Within the context of individual healthcare, an architectural framework for the wellness management was implemented by Biswas, Jayachandran, Shue, Xiao, and Yap (2007). The key benefit that this framework brought was in enabling incremental incorporation of new sensors and sensing modalities as well as other hardware devices. Software modules, such as signal processing algorithms and self-help oriented user interfaces may be added easily, and the responses can be personalized and customized to suit the needs of a patient, caregiver or doctor. The extensibility and personalization are particularly valuable for home based healthcare and wellness management. Sensor technology and continuous monitoring increases the amount of data that needs to be efficiently sorted for point-of-care decision making. This has led to developments in the application of data warehousing including analysis of the defining features of a clinical data warehouse (Nealon, Rahayu, & Pardede, 2009).

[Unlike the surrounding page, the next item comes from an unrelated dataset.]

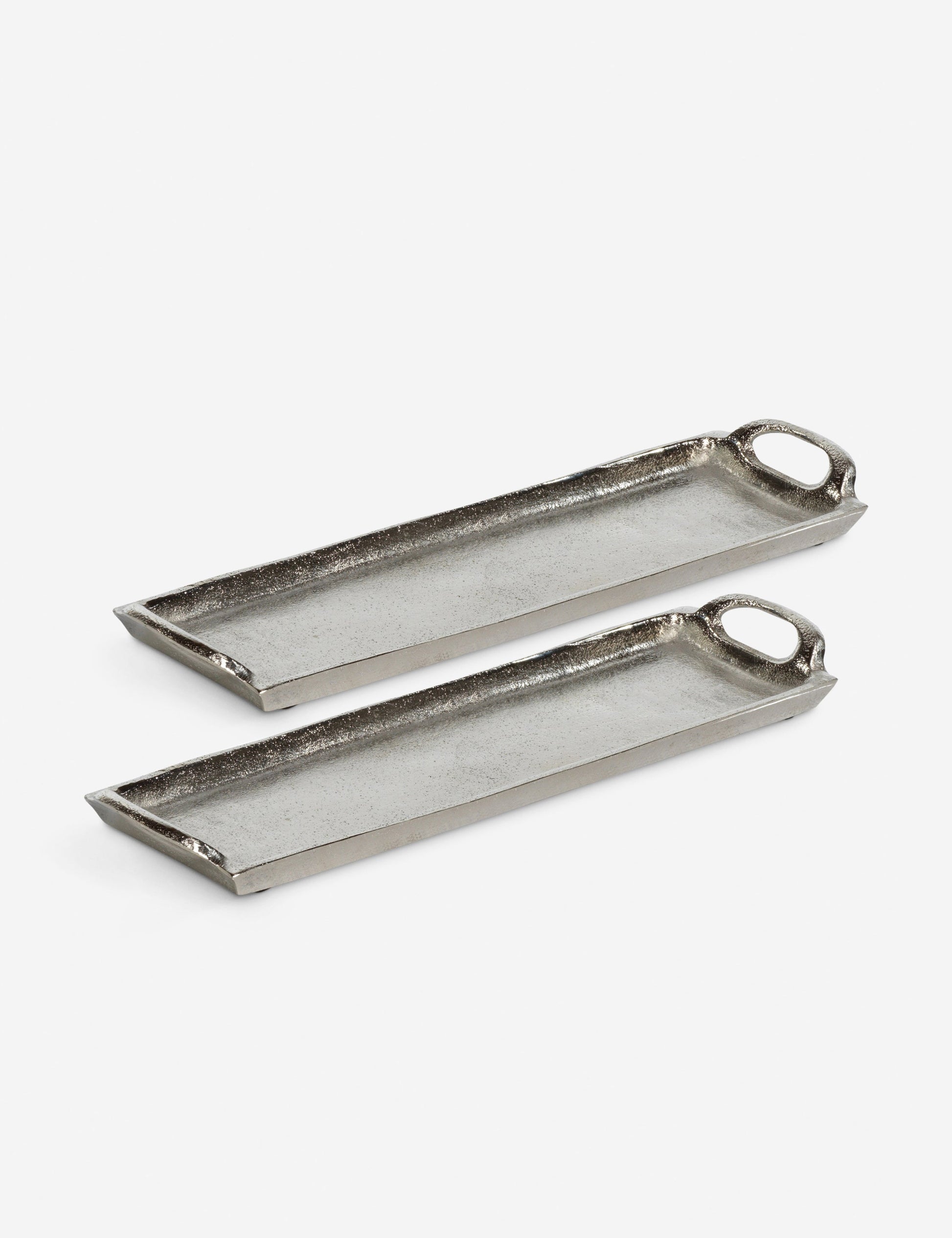 Une finition nickelée et des poignées découpées confèrent aux plateaux Everton une touche chic et industrielle. Disposez-les sur une console ou une table basse pour sublimer vos créations d'une touche d'élégance.

The analysis centered on the opportunities for and threats to the optimization of individual performance solutions based on the structure and merits of the data within the data warehouse to obtain the most optimal configuration. This focus was motivated by the large periods of time commonly required to process query results in the data warehousing and online analytical processing (OLAP) as crucial elements of decision support in healthcare. A windowing data structure architecture which manages a collection of popular windows was introduced for increasing the performance of OLAP queries on a clinical data warehouse.